La France a été très brutalement confrontée au salafisme en mars dernier avec les tueries de Toulouse et Montauban, perpétrées par Mohammed Merah. On a très vite su que celui-ci était proche des milieux salafistes et que le jeune homme avait fait plusieurs séjours dans les camps afghans. Reste à savoir si les services de renseignements ont sous-estimé le danger potentiel que représentait Merah, qui pourtant avait été parfaitement repéré et «débriefé» lors de son retour en France.
La volonté du gouvernement est sans doute aussi de mieux contrôler ce mouvement. Car les salafistes, qui n'étaient que quelques dizaines au début des années 90, ont connu une progression très forte.
L'immense majorité des musulmans de France ne se reconnaît pas dans ce mouvement, mais les salafistes ont le don de savoir faire monter les enchères : en se réclamant d'un islam pur et dur, ils tentent de culpabiliser tous ceux qui veulent vivre leur religion dans la tolérance. Ils finissent par avoir une influence occulte sur certains esprits, notamment des jeunes en quête d'absolu. Ils pratiquent volontiers le terrorisme intellectuel dans les cités où ils sont implantés. Comme tous les sectaires, ce sont des militants acharnés. Leur tactique est simple : mettre de l'huile sur le feu chaque fois que c'est possible. Un vrai danger pour la laïcité, et donc la République et sa sécurité.
Une mouvance radicale qui se développe
Samedi, quelque 250 personnes ont manifesté devant l'ambassade des États-Unis à Paris pour protester contre le film polémique qui embrase le monde arabe depuis plusieurs jours et s'est soldé par la mort de l'ambassadeur américain en Libye la semaine dernière (lire ci-dessous). 152 personnes ont été arrêtées par la police qui dispose par ailleurs d'images vidéo et de messages qui appelaient à ce rassemblement non-autorisé sur les réseaux sociaux. Dimanche soir, une enquête a été ordonnée pour identifier les organisateurs de la manifestation de la veille. Parmi les manifestants, beaucoup de femmes intégralement voilées et beaucoup d'hommes vêtus à la manière salafiste.
Qui sont-ils ?
Le salafisme en France est largement minoritaire. Alors qu'on compte quelque 6 à 7 millions de citoyens de confession musulmane en France, les salafistes seraient entre 10 000 et 20 000, contre quelques dizaines de fidèles au début des années 90. Des chiffres difficiles à établir, car les statistiques ethniques sont interdites en France.
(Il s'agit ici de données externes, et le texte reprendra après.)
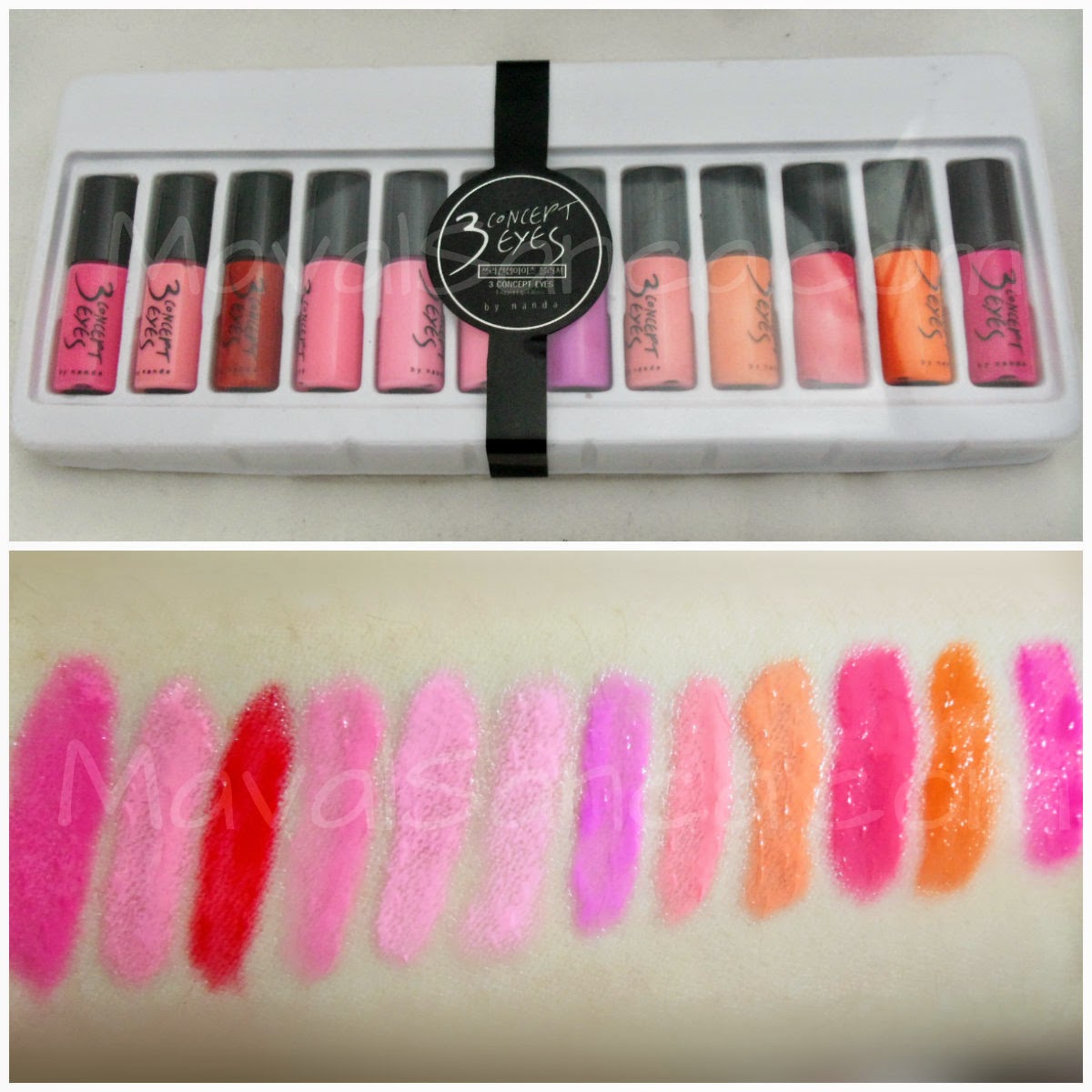 3 Concept Eyes es una marca Coreana de cosméticos de gama alta.Este set de mini glosses indica que son de esta marca. Sin embargo cuando busqué en internet descubrí que son falsos puesto que 3 Concept Eyes no tiene este set.3 Concept Eyes is a Korean brand of high-end cosmetics. This set of mini glosses indicates that they are of the same brand. But when I searched in the internet I found that are false because 3 Concept Eyes doesn't have this set.

Les salafistes sont en tout cas une minorité très bruyante parfois - on l'a vu samedi - et activiste, qui arrive à attirer les jeunes notamment par un discours radical. Les salafistes - comme lors de la manifestation parisienne - sont souvent des jeunes de moins de 30 ans qui sont recrutés dans des séminaires, dans les banlieues et dans des lieux de cultes salafistes - il existe quelques mosquées salafistes, notamment à Paris, Lyon et Marseille - et de plus en plus sur internet où ils peuvent discuter et échanger entre eux sur des sites spécialisés. Le rassemblement de samedi a par ailleurs été également relayé par SMS les jours précédents.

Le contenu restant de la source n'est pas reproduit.